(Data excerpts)
○ ○ ○ ○ ○ ○ ○

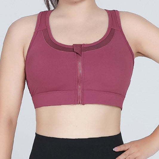Plus Size Zipper Front Closure Sports Wireless Bra
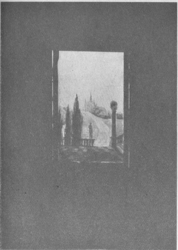 stille som i graven. Han får øye på et vakkert opplyst landskap (bildet) og går
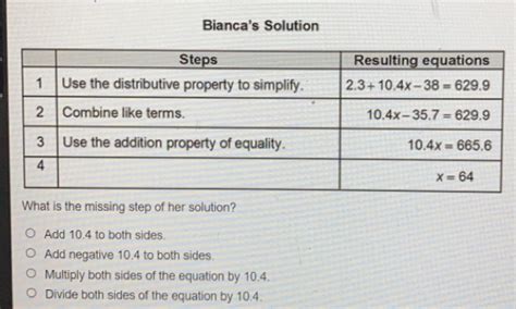 What Is The Missing Step Of Her Solution. Simplify by using addition property of equality. (a)simplify by combining like terms.
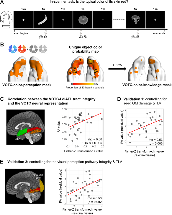 Международная группа нейроученых провела комплексное исследование, изучая то, как взаимодействие между зрительной корой и языковыми центрами мозга влияет на обработку знаний о цвете объектов. В работе, опубликованной в журнале PLOS Biology, использовались методы диффузионной МРТ, функциональной МРТ и нейропсихологического тестирования у 33 пациентов с инсультом и 35 здоровых людей. На рисунке показана связь между целостностью проводящих путей белого вещества в зоне VOTC и нейронной активностью, связанной с распознаванием цвета объектов, включая схему эксперимента, карты активации и статистический анализ. Credit: Bo Liu et al. / PLOS Biology 2025 Основное внимание исследователи сосредоточили на вентральной затылочно-височной коре (VOTC) – области, традиционно связанной с обработкой зрительной информации о цвете. Для точного определения зон интереса исследователи сначала провели эксперимент с фМРТ-сканированием 35 здоровых участников, в котором испытуемые определяли, можно ли считать кра
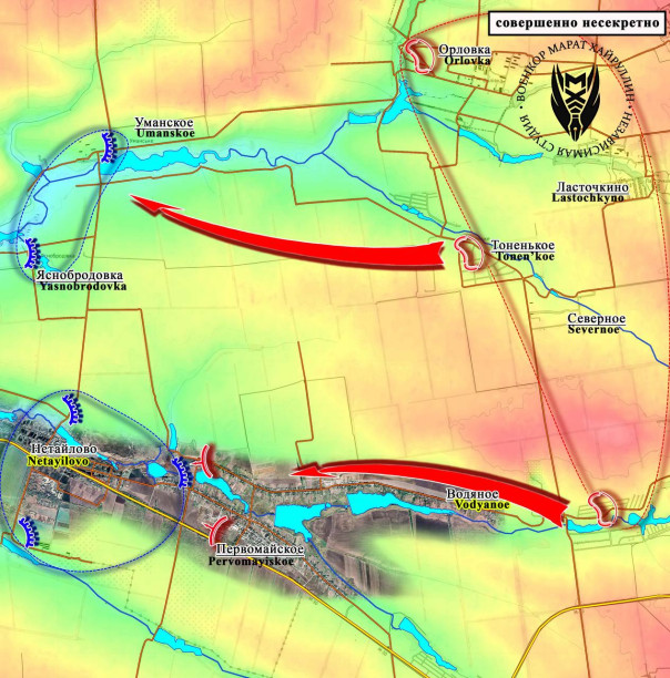 Здесь напомню, что Водяное, Первомайское и Нетайлово это фактически единая агломерация - они плавно переходят одно в другое. И последние наиболее сильные укрепления у врага остались именно между поселками Водяное и Первомайское. Их взятие означает, что штурм Первомайского переходит в финальную стадию.
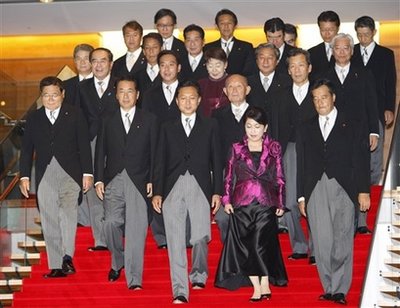 中新網9月17日電 據香港《文匯報》報道,日本新任首相鳩山由紀夫16日公布其內閣成員名單,分別為:金融兼郵政改革大臣─龜井靜香(72歲,國民新黨黨魁)、副首相兼國家戰(zhàn)略大臣─菅直人(62歲)、首相─鳩山由紀夫(62歲) 、少子化兼消費者行政大臣─福島瑞穗(53歲,社民黨黨魁)、外務大臣─岡田克也(56歲)、國家公安委員長─中井洽(67歲)、國土交通大臣─前原誠司(47歲)、財務大臣─藤井裕久(77歲)、內閣官房長官─平野博文(60歲)、防衛(wèi)大臣─北澤俊美(71歲)、文部科學大臣─川端達夫(64歲)、法務大臣─千葉景子(61歲)、農林水產大臣─赤松廣隆(61歲)、經濟產業(yè)大臣─直山鳥 正行(63歲)、總務大臣─原口一博(50歲)、行政刷新會議大臣─仙谷由人(63歲)、環(huán)境大臣─小澤銳仁(55歲)、厚生勞動大臣─長妻昭(49歲) 。
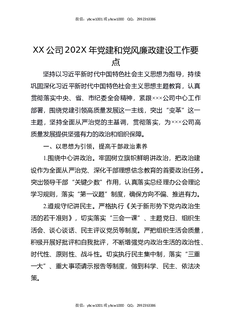 XX公司202X年党建和党风廉政建设工作要点.docx
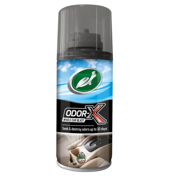 Turtle Wax Odor-X Car Blast eliminiše neprijatne mirise u automobilu. Osvežava i čisti unutrašnjost automobila ne ostavljajući tragove. Ostavlja miris Kariba ili Novog automobila i duže od 30 dana. Proizvod je za jednokratnu upotrebu.
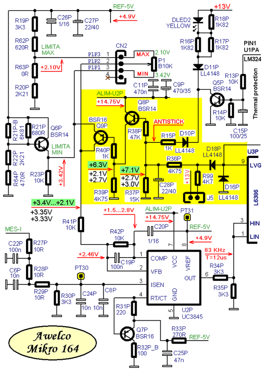 Van itt nálam egy Güde 160-as gép ami hasonlít az Awelco mikro 160-as gépre. Cserélve lett: felső és alsó IGBT-k, áram figyelő ellenállások, UC3845, L6386, LM324, zener diódák, stb. A kimeneti diódák rendben vannak. Nem sok minden maradt eredeti. Minden feszültség rendben, a vezérlés is jónak tűnik. A szkópommal( C1-94) csak azt látom hogy a négyszög jel megvan egészen az IGBT-k lábáig. A gép rendesen bekapcsol zöld LED világít, venti megy, 72V a kimeneten, sárga LED elalszik, relé kattan, viszont tilt az anti stick. Q8P bázis ellenállása előtt a 7,1V helyett 2,7V-ot mérek. Azt vettem észre mérés közben, hogy ha a potit majdnem max.-ig tekerem akkor a 2,7V elkezd emelkedni és 7V környékén nem tilt az anti stick. Az áram figyelő körben lévő alkatrészeket rendben találom. Hogyan érzékeli ez a gép a pálca leragadást? Találkozott már valaki ilyen hibával? Üdv.
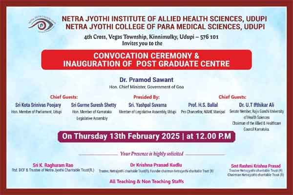ಉಡುಪಿ:ಫೆ.12,:ನೇತ್ರಜ್ಯೋತಿ ಚಾರಿಟಬಲ್ ಟ್ರಸ್ಟ್ ಮತ್ತು ಪ್ರಸಾದ್ ನೇತ್ರಾಲಯ ಸೂಪರ್ ಸ್ಪೆಷಾಲಿಟಿ ಆಸ್ಪತ್ರೆಯ ಅಂಗವಾದ ನೇತ್ರಜ್ಯೋತಿ ಸಂಸ್ಥೆಗಳ ಸ್ನಾತಕೋತ್ತರ ಕೇಂದ್ರದ ಉದ್ಘಾಟನಾ ಸಮಾರಂಭ ಮತ್ತು ನೇತ್ರಜ್ಯೋತಿ ಇನ್ಸ್ಟಿಟ್ಯೂಟ್ ಆಫ್ ಅಲೈಡ್ ಹೆಲ್ತ್ ಸೈನ್ಸಸ್ ಮತ್ತು ನೇತ್ರಜ್ಯೋತಿ ಪ್ಯಾರಾಮೆಡಿಕಲ್ ಕಾಲೇಜ್ ಆಫ್ ಪ್ಯಾರಾಮೆಡಿಕಲ್ ಸೈನ್ಸ್ನ ಘಟಿಕೋತ್ಸವ ಸಮಾರಂಭವು 13, 2025, ಕಿನ್ನಿಮುಲ್ಕಿ ವೇಗಾಸ್ ಟೌನ್ಶಿಪ್ನಲ್ಲಿರುವ ಕಾಲೇಜು ಕ್ಯಾಂಪಸ್ನಲ್ಲಿ ನಡೆಯಲಿದೆ.
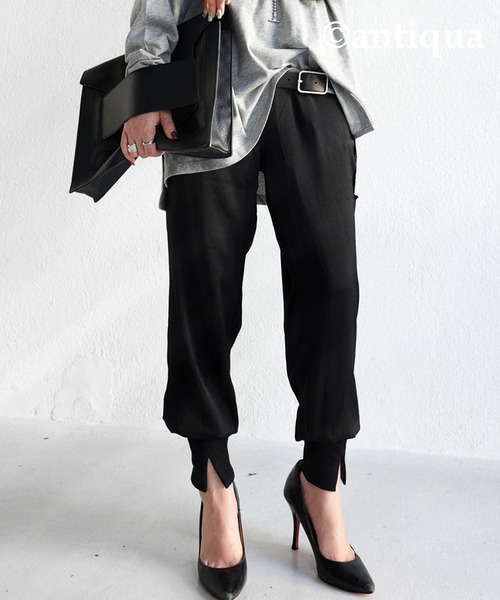 参考商品名:美脚見せ叶う♪リブ付きサテン生地パンツ
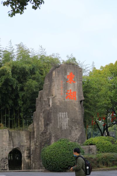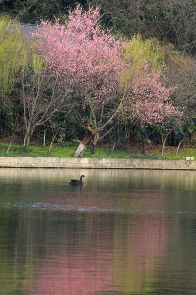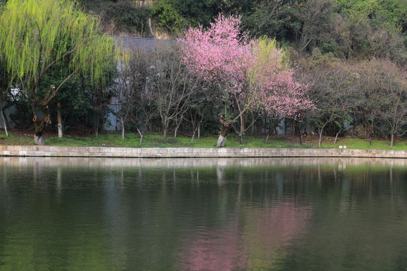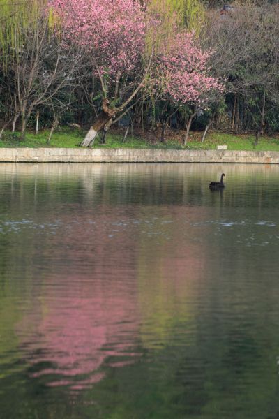 :柳绿桃红如霞染,东湖碧水净无尘。

○ ○ ○ ○ ○ ○ ○

ACTIVITY: Return all records verbatim and drop the pictures.

TASK SOLUTION:
Plus Size Zipper Front Closure Sports Wireless Bra
 stille som i graven. Han får øye på et vakkert opplyst landskap (bildet) og går
 What Is The Missing Step Of Her Solution. Simplify by using addition property of equality. (a)simplify by combining like terms.
 Международная группа нейроученых провела комплексное исследование, изучая то, как взаимодействие между зрительной корой и языковыми центрами мозга влияет на обработку знаний о цвете объектов. В работе, опубликованной в журнале PLOS Biology, использовались методы диффузионной МРТ, функциональной МРТ и нейропсихологического тестирования у 33 пациентов с инсультом и 35 здоровых людей. На рисунке показана связь между целостностью проводящих путей белого вещества в зоне VOTC и нейронной активностью, связанной с распознаванием цвета объектов, включая схему эксперимента, карты активации и статистический анализ. Credit: Bo Liu et al. / PLOS Biology 2025 Основное внимание исследователи сосредоточили на вентральной затылочно-височной коре (VOTC) – области, традиционно связанной с обработкой зрительной информации о цвете. Для точного определения зон интереса исследователи сначала провели эксперимент с фМРТ-сканированием 35 здоровых участников, в котором испытуемые определяли, можно ли считать кра
 Здесь напомню, что Водяное, Первомайское и Нетайлово это фактически единая агломерация - они плавно переходят одно в другое. И последние наиболее сильные укрепления у врага остались именно между поселками Водяное и Первомайское. Их взятие означает, что штурм Первомайского переходит в финальную стадию.
 中新網9月17日電 據香港《文匯報》報道,日本新任首相鳩山由紀夫16日公布其內閣成員名單,分別為:金融兼郵政改革大臣─龜井靜香(72歲,國民新黨黨魁)、副首相兼國家戰(zhàn)略大臣─菅直人(62歲)、首相─鳩山由紀夫(62歲) 、少子化兼消費者行政大臣─福島瑞穗(53歲,社民黨黨魁)、外務大臣─岡田克也(56歲)、國家公安委員長─中井洽(67歲)、國土交通大臣─前原誠司(47歲)、財務大臣─藤井裕久(77歲)、內閣官房長官─平野博文(60歲)、防衛(wèi)大臣─北澤俊美(71歲)、文部科學大臣─川端達夫(64歲)、法務大臣─千葉景子(61歲)、農林水產大臣─赤松廣隆(61歲)、經濟產業(yè)大臣─直山鳥 正行(63歲)、總務大臣─原口一博(50歲)、行政刷新會議大臣─仙谷由人(63歲)、環(huán)境大臣─小澤銳仁(55歲)、厚生勞動大臣─長妻昭(49歲) 。
 XX公司202X年党建和党风廉政建设工作要点.docx
 Turtle Wax Odor-X Car Blast eliminiše neprijatne mirise u automobilu. Osvežava i čisti unutrašnjost automobila ne ostavljajući tragove. Ostavlja miris Kariba ili Novog automobila i duže od 30 dana. Proizvod je za jednokratnu upotrebu.
 Van itt nálam egy Güde 160-as gép ami hasonlít az Awelco mikro 160-as gépre. Cserélve lett: felső és alsó IGBT-k, áram figyelő ellenállások, UC3845, L6386, LM324, zener diódák, stb. A kimeneti diódák rendben vannak. Nem sok minden maradt eredeti. Minden feszültség rendben, a vezérlés is jónak tűnik. A szkópommal( C1-94) csak azt látom hogy a négyszög jel megvan egészen az IGBT-k lábáig. A gép rendesen bekapcsol zöld LED világít, venti megy, 72V a kimeneten, sárga LED elalszik, relé kattan, viszont tilt az anti stick. Q8P bázis ellenállása előtt a 7,1V helyett 2,7V-ot mérek. Azt vettem észre mérés közben, hogy ha a potit majdnem max.-ig tekerem akkor a 2,7V elkezd emelkedni és 7V környékén nem tilt az anti stick. Az áram figyelő körben lévő alkatrészeket rendben találom. Hogyan érzékeli ez a gép a pálca leragadást? Találkozott már valaki ilyen hibával? Üdv.
ಉಡುಪಿ:ಫೆ.12,:ನೇತ್ರಜ್ಯೋತಿ ಚಾರಿಟಬಲ್ ಟ್ರಸ್ಟ್ ಮತ್ತು ಪ್ರಸಾದ್ ನೇತ್ರಾಲಯ ಸೂಪರ್ ಸ್ಪೆಷಾಲಿಟಿ ಆಸ್ಪತ್ರೆಯ ಅಂಗವಾದ ನೇತ್ರಜ್ಯೋತಿ ಸಂಸ್ಥೆಗಳ ಸ್ನಾತಕೋತ್ತರ ಕೇಂದ್ರದ ಉದ್ಘಾಟನಾ ಸಮಾರಂಭ ಮತ್ತು ನೇತ್ರಜ್ಯೋತಿ ಇನ್ಸ್ಟಿಟ್ಯೂಟ್ ಆಫ್ ಅಲೈಡ್ ಹೆಲ್ತ್ ಸೈನ್ಸಸ್ ಮತ್ತು ನೇತ್ರಜ್ಯೋತಿ ಪ್ಯಾರಾಮೆಡಿಕಲ್ ಕಾಲೇಜ್ ಆಫ್ ಪ್ಯಾರಾಮೆಡಿಕಲ್ ಸೈನ್ಸ್ನ ಘಟಿಕೋತ್ಸವ ಸಮಾರಂಭವು 13, 2025, ಕಿನ್ನಿಮುಲ್ಕಿ ವೇಗಾಸ್ ಟೌನ್ಶಿಪ್ನಲ್ಲಿರುವ ಕಾಲೇಜು ಕ್ಯಾಂಪಸ್ನಲ್ಲಿ ನಡೆಯಲಿದೆ.
 参考商品名:美脚見せ叶う♪リブ付きサテン生地パンツ
 :柳绿桃红如霞染,东湖碧水净无尘。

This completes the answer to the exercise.